This property returns a list of data type strings, one for each input tensor.
Returns:
| Type | Description |
|---|---|
List[str]
|
A list of input tensor data types as strings (e.g., "float32", "int8"). |
input_shapes
property
input_shapes: List[Tuple[int, ...]]
Get the shapes of all input tensors expected by the model.
This property returns a list of shapes, where each shape is a tuple of integers representing the dimensions of an input tensor.
Returns:
| Type | Description |
|---|---|
List[Tuple[int, ...]]
|
A list of input tensor shapes. Each shape is a tuple of integers. For example, [(1, 3, 224, 224)] for a model with a single input of shape (batch_size=1, channels=3, height=224, width=224). |
is_cpu_output
property
is_cpu_output: bool
Check if the runtime's current output device is CPU.
This property returns a boolean indicating whether the outputs from inference will be placed in CPU memory. This is particularly useful when working with libraries like NumPy that require tensors to be in CPU memory.
Returns:
| Type | Description |
|---|---|
bool
|
True if outputs will be placed in CPU memory, False if they will remain on the device used for inference (e.g., GPU). |
See Also
set_cpu_output : Method to configure whether outputs should be in CPU memory.
is_trt
property
is_trt: bool
Check if the runtime session is using TensorRT (only for ONNX).
This property returns a boolean indicating whether the current runtime session is using TensorRT as the execution provider. TensorRT is a high-performance deep learning inference optimizer and runtime for NVIDIA GPUs.
Returns:
| Type | Description |
|---|---|
bool
|
True if the runtime session is using TensorRT, False otherwise. |
model_id
property
model_id: str
Get the unique identifier (UUID) of the loaded model.
This property returns the UUID that was assigned to the model during compilation/export, which can be used to uniquely identify the model.
Returns:
| Type | Description |
|---|---|
str
|
The UUID of the model as a string. |
model_precision
property
model_precision: str
Get the precision of the loaded model.
This property returns the precision of the loaded model, which indicates the numerical format used for weights and computations (e.g., "float32", "float16", "int8").
Returns:
| Type | Description |
|---|---|
str
|
The precision of the model as a string (e.g., "float32", "float16", "int8"). The available precision options depend on what was set during model compilation/export. |
Examples:
>>> # Assuming lre is an initialized LatentRuntimeEngine
>>> precision = lre.model_precision
>>> print(f"Model is using {precision} precision")
number_inputs
property
number_inputs: int
Get the number of input tensors expected by the model.

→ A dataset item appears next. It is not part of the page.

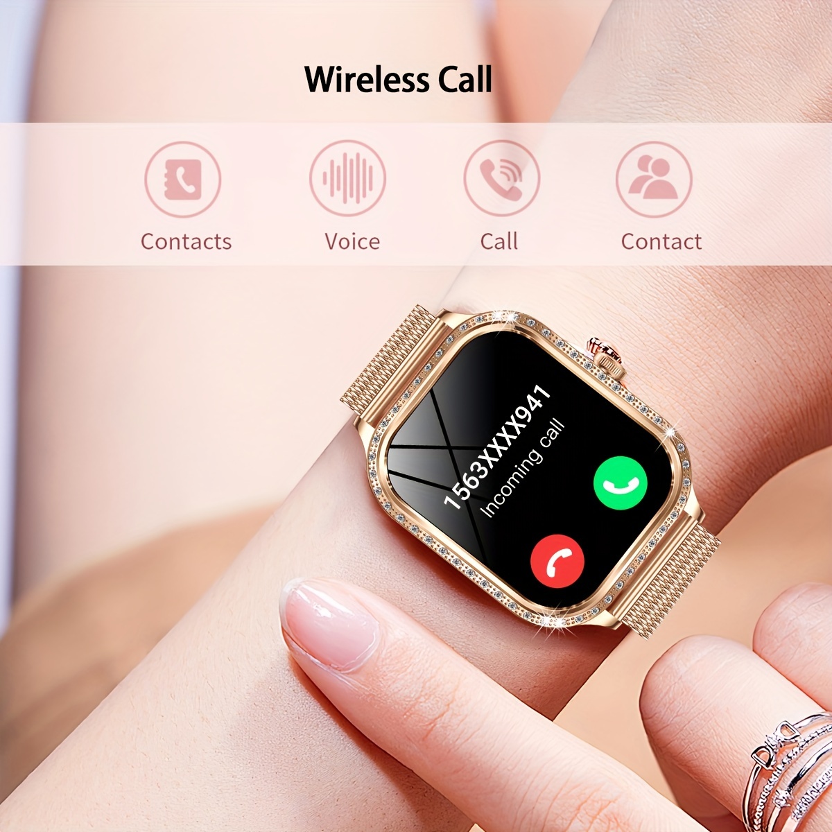 - تواصل ذكي ومكالمات لاسلكية: مع تقنية البلوتوث اللاسلكي 5.2 المتقدمة، يمكنك إجراء واستقبال المكالمات مباشرة من معصمك، بالإضافة إلى مراجعة الرسائل والإشعارات بسهولة. ابقِ على اتصال دائم دون الحاجة لإخراج هاتفك.

This property returns the count of input tensors that the model expects.
Returns:
| Type | Description |
|---|---|
int
|
The number of input tensors. |
number_outputs
property
number_outputs: int
Get the number of output tensors produced by the model.
This property returns the count of output tensors that the model produces.
Returns:
| Type | Description |
|---|---|
int
|
The number of output tensors. |
output_dtypes
property
output_dtypes: List[str]
Get the data types of all output tensors produced by the model.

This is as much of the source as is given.